**Problem requirements:** If a record contains a picture, skip the picture and transcribe the rest exactly.

**Dataset excerpts:**
╔══
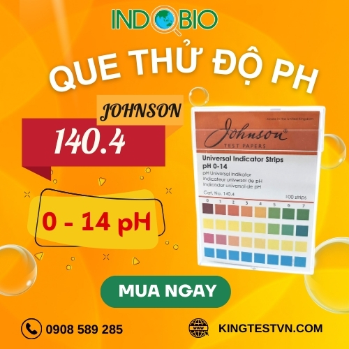 Que thử pH 140.4 của Johnson là que đo pH từ 0-14 có độ chính xác cao được đóng gói 100 test/hộp. Sử dụng que thử pH 140.4 được xem là cách kiểm tra pH chính xác và an toàn.
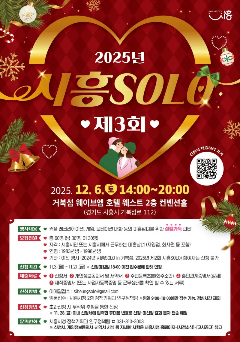 총 60명(남 30명, 여 30명) ☑️ 자격 : 시흥시민 또는 시흥시에서 근무 (자영업, 회사원 포함) 하는 미혼남녀 ☑️ 연령 : 1983 ~ 1998년 출생자 ( ⁕ 주민등록상 태어난 연도 기준 ) ☑️ 기타 : 이전행사 (2024년 시흥SOLO In 거북섬, 2025년 제2회 시흥SOLO) 참여자는 신청 불가 |
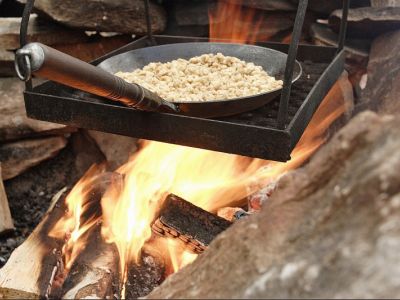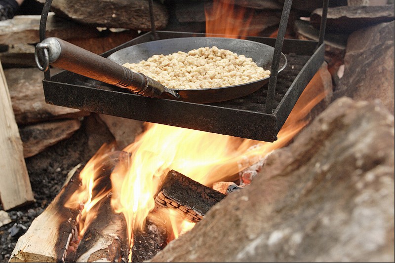 Auf der Kanutour, wenn wir draußen unterwegs sind, kochen alle gemeinsam. Die Verpflegungstonnen sind üppig mit haltbaren Lebensmitteln bestückt. Frisch gepflückte Blaubeeren ergänzen den Speiseplan. Das Wasser schöpfen wir aus den reinen und klaren Seen. In Gammelbyn ist der Koch für die Zubereitung der Mahlzeiten zuständig, so dass Sie sich etwas zurücklehnen können. Das Frühstücksbuffet und das Abendessen, mit Vor- und Nachspeise, Hauptgericht und Salat, werden im Speiseraum des Rezeptionsgebäudes aufgetischt.
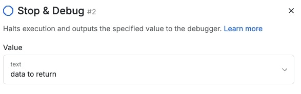 Halts execution and returns a value. Useful to ensure that specific pieces of your function stack are running as expected while building.
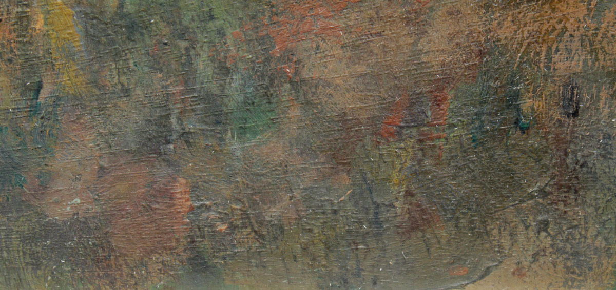 CONDITION: Craquelure scattered throughout, needs cleaning.
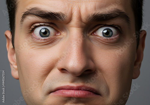 Man's Extreme Disgust: Wide Eyes, Furrowed Brow, and Pursed Lips Against Gray.
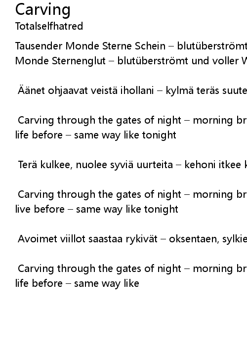 | Carving through the gates of night – morning breeze alive – never saw this life before – same way like tonight | |
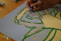 一心不乱に彫刻刀で彫り進めていました。刷り上がりをイメージし、どこを彫るべきか...
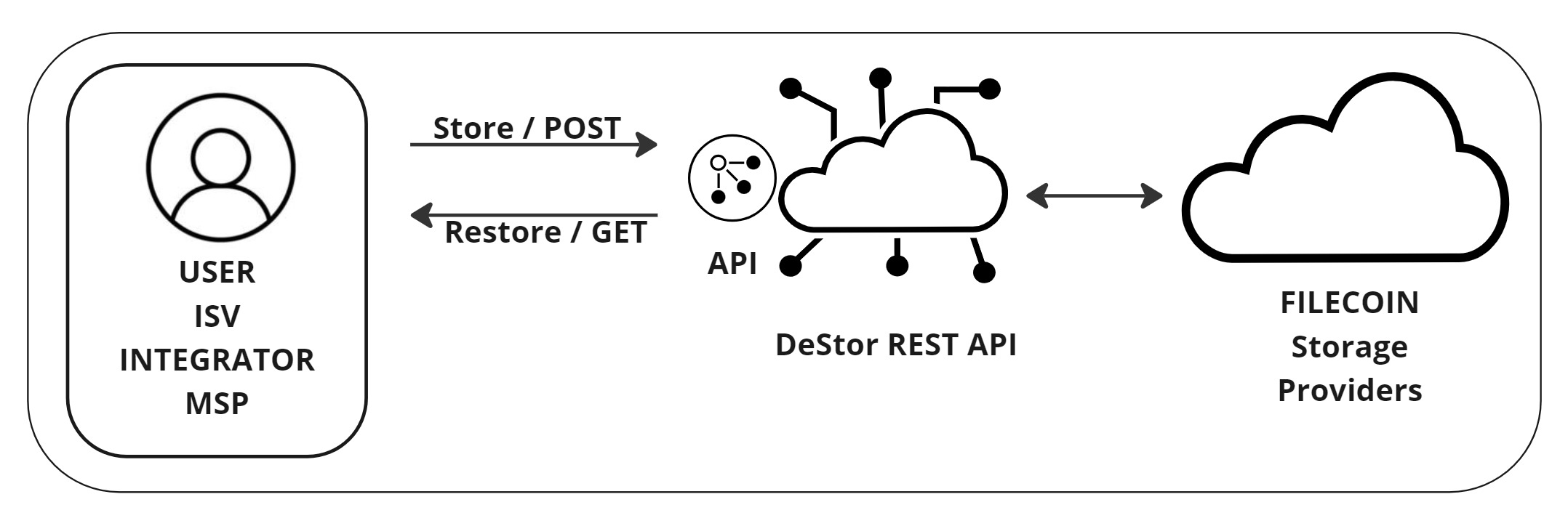 <figure><img src="https://319611134-files.gitbook.io/~/files/v0/b/gitbook-x-prod.appspot.com/o/spaces%2FBZTODzcr66pjVMFDEu8b%2Fuploads%2Fyrv3brhrsIjO9xu72pu0%2FDeStor%20REST%20API%20for%20Filecoin%20-%20Architecture.jpg?alt=media&#x26;token=d6838a6d-79da-43fd-9af3-ca04ed6075cb" alt=""><figcaption><p>DeStor REST API for Filecoin - Architecture</p></figcaption></figure>
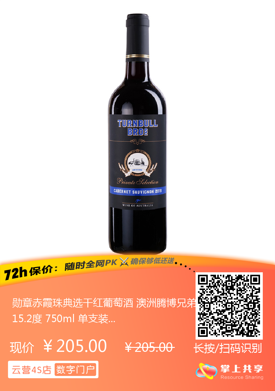 勋章赤霞珠典选干红葡萄酒 澳洲腾博兄弟酒庄 15.2度 750ml 单支装
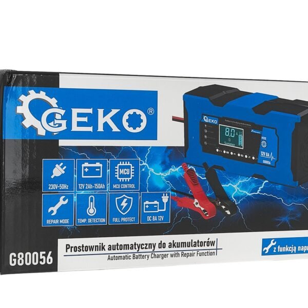 - Az automatikus hőmérséklet-érzékelésnek (téli/nyári üzemmód) és az utolsó üzemmód memória funkciójának köszönhetően a GEKO G80056 töltő kivételesen kényelmes és intuitív módon használható.
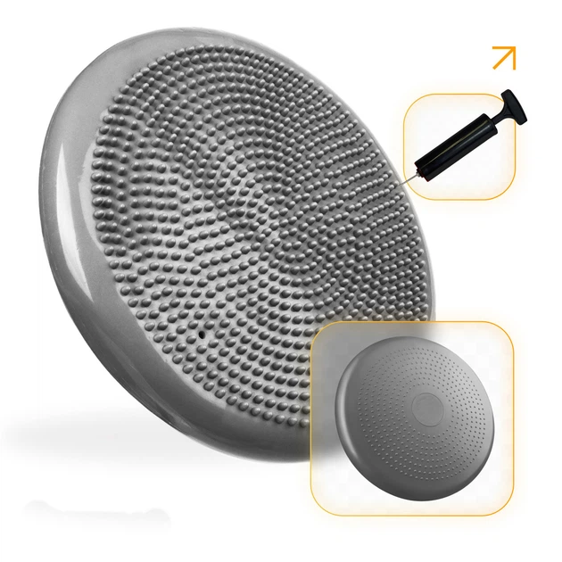 Подушка YogaLife 34 см сіра з насосом YL-PMB-SR (Балансувальна масажна з шипами, сенсомоторний масажний балансувальний диск
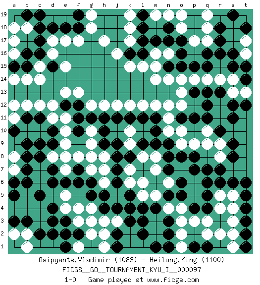 Last move : 1-0 2021 April 26 10:40:13 [Event "FICGS__GO__TOURNAMENT_KYU_I__000097"] [Site "FICGS"] [Date "2021.02.21"] [Round "1"] [Black "Osipyants,Vladimir"] [White "Heilong,King"] [Result "1-0"] [Rating 1 "1083"] [Rating 2 "1100"] 1.q16 d16 2.d4 q3 3.q5 r5 4.r6 r4 5.q7 q9 6.s6 c3 7.d3 c4 8.c5 b5 9.b6 a4 10.d6 r14 11.q12 p14 12.o16 o12 13.p11 j16 14.l17 l15 15.d10 d12 16.c17 d17 17.c16 c15 18.b15 b14 19.d15 c14 20.d18 e15 21.e18 e17 22.f18 f17 23.a6 o4 24.k4 m3 25.l3 g4 26.j7 o7 27.p8 p9 28.o8 o9 29.n8 n11 30.s9 r11 31.s11 r12 32.r16 r8 33.s8 d8 34.f7 e10 35.d9 e9 36.c8 e7 37.d7 e8 38.e6 g8 39.j9 g7 40.g6 f8 41.f6 l5 42.k5 k6 43.j6 k7 44.m4 m2 45.l2 m5 46.l4 c10 47.c11 d11 48.c9 b10 49.b11 c12 50.b9 b12 51.a10 n16 52.n17 m16 53.m17 k17 54.k8 m7 55.n5 l6 56.n7 n6 57.o5 n4 58.o6 m8 59.m9 l8 60.l9 h6 61.h5 h7 62.n3 o3 63.n2 o2 64.m1 k18 65.l18 g18 66.k11 j12 67.h11 h12 68.j11 k12 69.l11 l12 70.g11 g12 71.r10 q10 72.q13 q14 73.r13 s13 74.s12 s14 75.q11 n10 76.n9 o10 77.o15 o14 78.n15 m14 79.s16 p17 80.o17 q18 81.r18 q17 82.r17 o18 83.n18 m19 84.l19 k19 85.q15 n14 86.l16 m15 87.k16 k15 88.b16 g19 89.t3 s3 90.t4 s5 91.t5 s2 92.t2 s1 93.p4 p3 94.q4 s4 95.f19 h17 96.f11 e11 97.f12 f13 98.m11 m12 99.e12 e13 100.h9 g10 101.h10 h8 102.j8 k10 103.m10 k9 104.r7 p6 105.p7 p5 106.q6 t16 107.t15 t17 108.t18 n19 109.s15 o19 110.s19 q19 111.p15 b18 112.c18 a18 113.c19 a16 114.a15 a17 115.b19 a14 116.p1 o1 117.q1 q2 118.c2 b2 119.d2 b1 120.a5 b4 121.a3 a2 122.b3 g9 123.o11 n12 124.p13 o13 125.t14 t13 126.t12 r9 127.f10 a12 128.t6 g3 129.t1 r2 130.n1 j3 131.j4 e4 132.f2 g2 133.j2 h2 134.k3 h3 135.e3 f4 136.j1 h1 137.g5 f1 138.e1 e5 139.h4 f3 140.e2 a8 141.b8 a7 142.b7 a11 143.pass pass 144.pass pass 145.pass 1-0 Here are the names of the openings (joseki) played in the four corners : Corner q4 : q3 q5 Komoku (Somok, Xiao~mu`) 3-4 Point. The komoku (3-4) point is the traditional corner enclosure move.. Ikken Takagakari (Hankan Nop'dakeolch'im, Yi Gaogua`jiao~, 1-Space High Approach). The 5-4 approach move has become more popular in modern times, as modern Go emphasizes speed and influence. Corner d4 : d4 c3 Hoshi (Hwajeom, Seongjeom, Xingwei`) 4-4 Point. The star or hoshi (4-4) point, emphasizing influence at the potential expense of territory. Corner q16 : q16 r14 Hoshi (Hwajeom, Seongjeom, Xingwei`) 4-4 Point. The star or hoshi (4-4) point, emphasizing influence at the potential expense of territory. Ikken Kakari (Hankan Keolch'im, Yi Gua`jiao~, 1-Space Low Approach). White 2 is the standard approach move to the 4-4. Player Black won this Go (weiqi, baduk) game. Follow this game move after move (download)In an unreasonable situation, an unreasonable move is reasonable. (Tamino) My poor ole parrot... Is not in the circulation of displays ....poo hoo hoo :) (Wayne Lowrance's enigma)
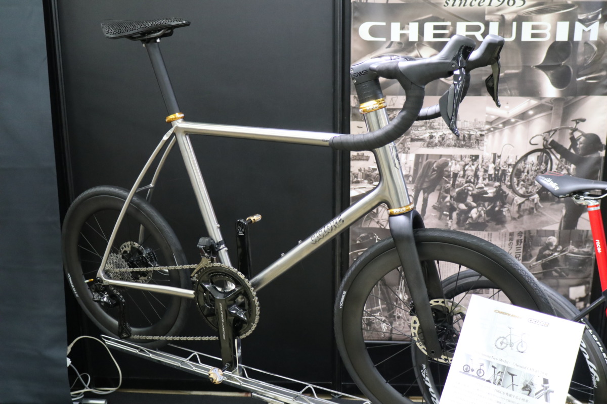 会場では、例年最大規模の展示と人気を誇る、ケルビム(今野製作所)エクイリブリウムサイクルワークスがチタン製の小径車を出展しており、どちらも高い完成度を見せていた。
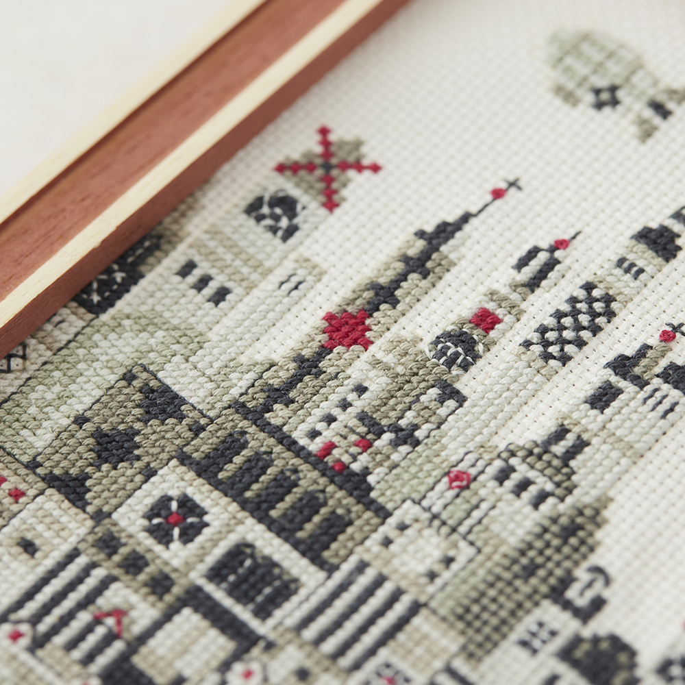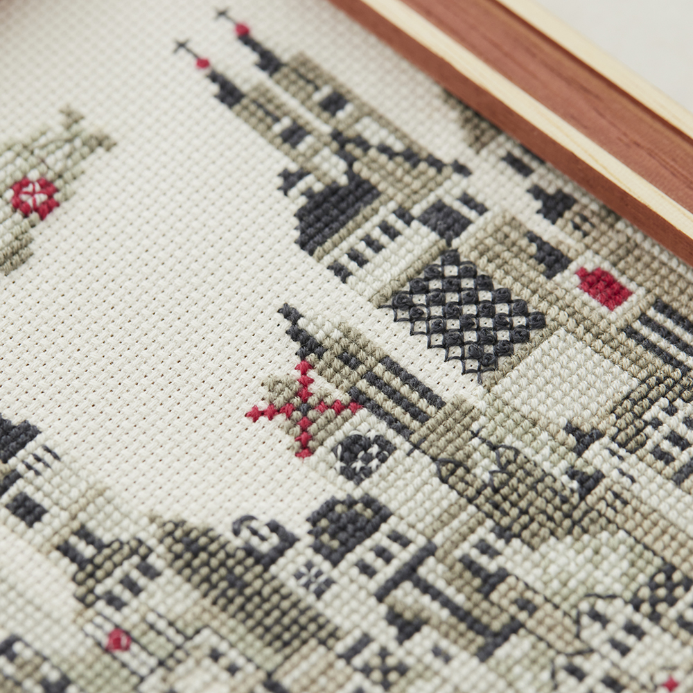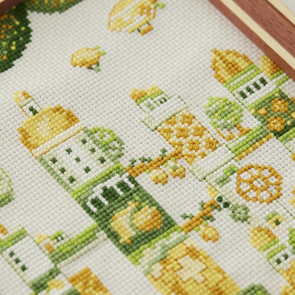 空想街雑貨店の水彩画を表現するため、目の細かい18カウントの布地に25番刺しゅう糸を2本どりで刺し、細部にわたり色を変えた魅力的なクロスステッチです。
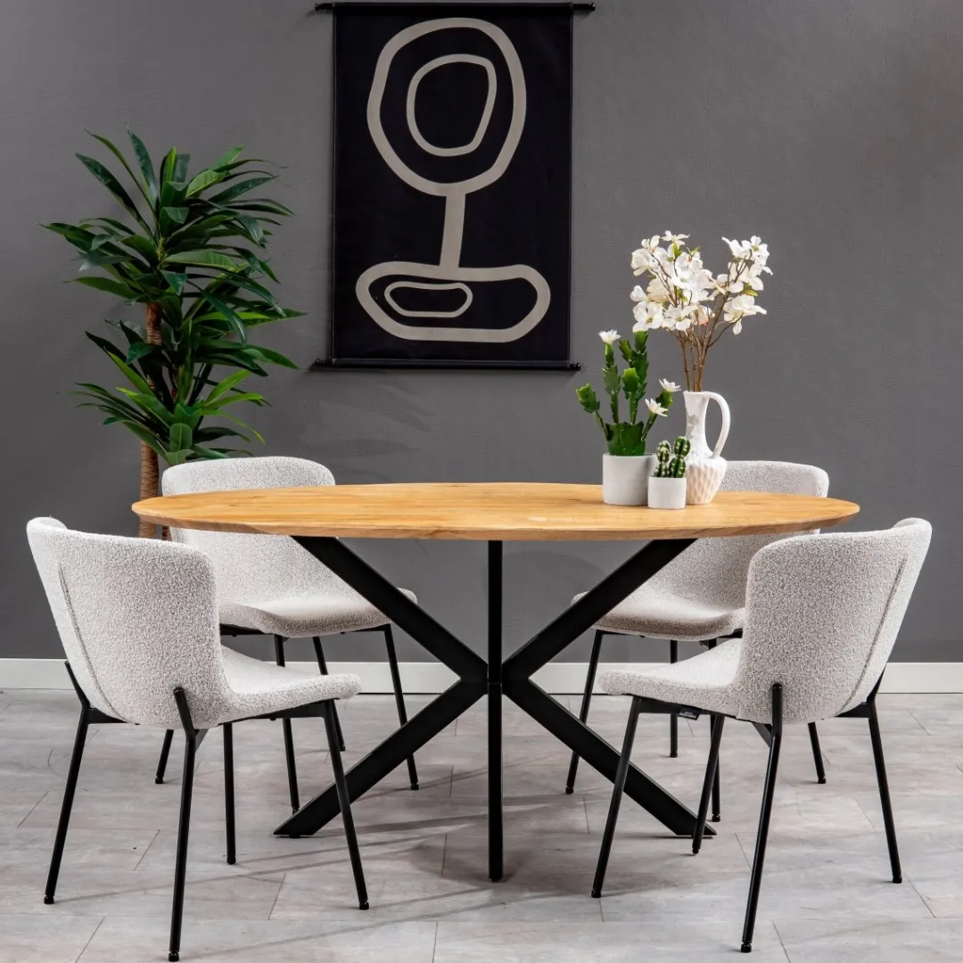 De zwarte poten van het onderstel geven de stoel een eigentijdse uitstraling en bieden een stevige basis. Combineer de Lille eetkamerstoel in beige met een mangohouten eettafel voor een moderne en luxe setting.
╚══
**Your response:**
 Que thử pH 140.4 của Johnson là que đo pH từ 0-14 có độ chính xác cao được đóng gói 100 test/hộp. Sử dụng que thử pH 140.4 được xem là cách kiểm tra pH chính xác và an toàn.
 총 60명(남 30명, 여 30명) ☑️ 자격 : 시흥시민 또는 시흥시에서 근무 (자영업, 회사원 포함) 하는 미혼남녀 ☑️ 연령 : 1983 ~ 1998년 출생자 ( ⁕ 주민등록상 태어난 연도 기준 ) ☑️ 기타 : 이전행사 (2024년 시흥SOLO In 거북섬, 2025년 제2회 시흥SOLO) 참여자는 신청 불가 |
 Auf der Kanutour, wenn wir draußen unterwegs sind, kochen alle gemeinsam. Die Verpflegungstonnen sind üppig mit haltbaren Lebensmitteln bestückt. Frisch gepflückte Blaubeeren ergänzen den Speiseplan. Das Wasser schöpfen wir aus den reinen und klaren Seen. In Gammelbyn ist der Koch für die Zubereitung der Mahlzeiten zuständig, so dass Sie sich etwas zurücklehnen können. Das Frühstücksbuffet und das Abendessen, mit Vor- und Nachspeise, Hauptgericht und Salat, werden im Speiseraum des Rezeptionsgebäudes aufgetischt.
 Halts execution and returns a value. Useful to ensure that specific pieces of your function stack are running as expected while building.
 CONDITION: Craquelure scattered throughout, needs cleaning.
 Man's Extreme Disgust: Wide Eyes, Furrowed Brow, and Pursed Lips Against Gray.
 | Carving through the gates of night – morning breeze alive – never saw this life before – same way like tonight | |
 一心不乱に彫刻刀で彫り進めていました。刷り上がりをイメージし、どこを彫るべきか...
 <figure><img src="https://319611134-files.gitbook.io/~/files/v0/b/gitbook-x-prod.appspot.com/o/spaces%2FBZTODzcr66pjVMFDEu8b%2Fuploads%2Fyrv3brhrsIjO9xu72pu0%2FDeStor%20REST%20API%20for%20Filecoin%20-%20Architecture.jpg?alt=media&#x26;token=d6838a6d-79da-43fd-9af3-ca04ed6075cb" alt=""><figcaption><p>DeStor REST API for Filecoin - Architecture</p></figcaption></figure>
 勋章赤霞珠典选干红葡萄酒 澳洲腾博兄弟酒庄 15.2度 750ml 单支装
 - Az automatikus hőmérséklet-érzékelésnek (téli/nyári üzemmód) és az utolsó üzemmód memória funkciójának köszönhetően a GEKO G80056 töltő kivételesen kényelmes és intuitív módon használható.
 Подушка YogaLife 34 см сіра з насосом YL-PMB-SR (Балансувальна масажна з шипами, сенсомоторний масажний балансувальний диск
 Last move : 1-0 2021 April 26 10:40:13 [Event "FICGS__GO__TOURNAMENT_KYU_I__000097"] [Site "FICGS"] [Date "2021.02.21"] [Round "1"] [Black "Osipyants,Vladimir"] [White "Heilong,King"] [Result "1-0"] [Rating 1 "1083"] [Rating 2 "1100"] 1.q16 d16 2.d4 q3 3.q5 r5 4.r6 r4 5.q7 q9 6.s6 c3 7.d3 c4 8.c5 b5 9.b6 a4 10.d6 r14 11.q12 p14 12.o16 o12 13.p11 j16 14.l17 l15 15.d10 d12 16.c17 d17 17.c16 c15 18.b15 b14 19.d15 c14 20.d18 e15 21.e18 e17 22.f18 f17 23.a6 o4 24.k4 m3 25.l3 g4 26.j7 o7 27.p8 p9 28.o8 o9 29.n8 n11 30.s9 r11 31.s11 r12 32.r16 r8 33.s8 d8 34.f7 e10 35.d9 e9 36.c8 e7 37.d7 e8 38.e6 g8 39.j9 g7 40.g6 f8 41.f6 l5 42.k5 k6 43.j6 k7 44.m4 m2 45.l2 m5 46.l4 c10 47.c11 d11 48.c9 b10 49.b11 c12 50.b9 b12 51.a10 n16 52.n17 m16 53.m17 k17 54.k8 m7 55.n5 l6 56.n7 n6 57.o5 n4 58.o6 m8 59.m9 l8 60.l9 h6 61.h5 h7 62.n3 o3 63.n2 o2 64.m1 k18 65.l18 g18 66.k11 j12 67.h11 h12 68.j11 k12 69.l11 l12 70.g11 g12 71.r10 q10 72.q13 q14 73.r13 s13 74.s12 s14 75.q11 n10 76.n9 o10 77.o15 o14 78.n15 m14 79.s16 p17 80.o17 q18 81.r18 q17 82.r17 o18 83.n18 m19 84.l19 k19 85.q15 n14 86.l16 m15 87.k16 k15 88.b16 g19 89.t3 s3 90.t4 s5 91.t5 s2 92.t2 s1 93.p4 p3 94.q4 s4 95.f19 h17 96.f11 e11 97.f12 f13 98.m11 m12 99.e12 e13 100.h9 g10 101.h10 h8 102.j8 k10 103.m10 k9 104.r7 p6 105.p7 p5 106.q6 t16 107.t15 t17 108.t18 n19 109.s15 o19 110.s19 q19 111.p15 b18 112.c18 a18 113.c19 a16 114.a15 a17 115.b19 a14 116.p1 o1 117.q1 q2 118.c2 b2 119.d2 b1 120.a5 b4 121.a3 a2 122.b3 g9 123.o11 n12 124.p13 o13 125.t14 t13 126.t12 r9 127.f10 a12 128.t6 g3 129.t1 r2 130.n1 j3 131.j4 e4 132.f2 g2 133.j2 h2 134.k3 h3 135.e3 f4 136.j1 h1 137.g5 f1 138.e1 e5 139.h4 f3 140.e2 a8 141.b8 a7 142.b7 a11 143.pass pass 144.pass pass 145.pass 1-0 Here are the names of the openings (joseki) played in the four corners : Corner q4 : q3 q5 Komoku (Somok, Xiao~mu`) 3-4 Point. The komoku (3-4) point is the traditional corner enclosure move.. Ikken Takagakari (Hankan Nop'dakeolch'im, Yi Gaogua`jiao~, 1-Space High Approach). The 5-4 approach move has become more popular in modern times, as modern Go emphasizes speed and influence. Corner d4 : d4 c3 Hoshi (Hwajeom, Seongjeom, Xingwei`) 4-4 Point. The star or hoshi (4-4) point, emphasizing influence at the potential expense of territory. Corner q16 : q16 r14 Hoshi (Hwajeom, Seongjeom, Xingwei`) 4-4 Point. The star or hoshi (4-4) point, emphasizing influence at the potential expense of territory. Ikken Kakari (Hankan Keolch'im, Yi Gua`jiao~, 1-Space Low Approach). White 2 is the standard approach move to the 4-4. Player Black won this Go (weiqi, baduk) game. Follow this game move after move (download)In an unreasonable situation, an unreasonable move is reasonable. (Tamino) My poor ole parrot... Is not in the circulation of displays ....poo hoo hoo :) (Wayne Lowrance's enigma)
 会場では、例年最大規模の展示と人気を誇る、ケルビム(今野製作所)エクイリブリウムサイクルワークスがチタン製の小径車を出展しており、どちらも高い完成度を見せていた。
 空想街雑貨店の水彩画を表現するため、目の細かい18カウントの布地に25番刺しゅう糸を2本どりで刺し、細部にわたり色を変えた魅力的なクロスステッチです。
 De zwarte poten van het onderstel geven de stoel een eigentijdse uitstraling en bieden een stevige basis. Combineer de Lille eetkamerstoel in beige met een mangohouten eettafel voor een moderne en luxe setting.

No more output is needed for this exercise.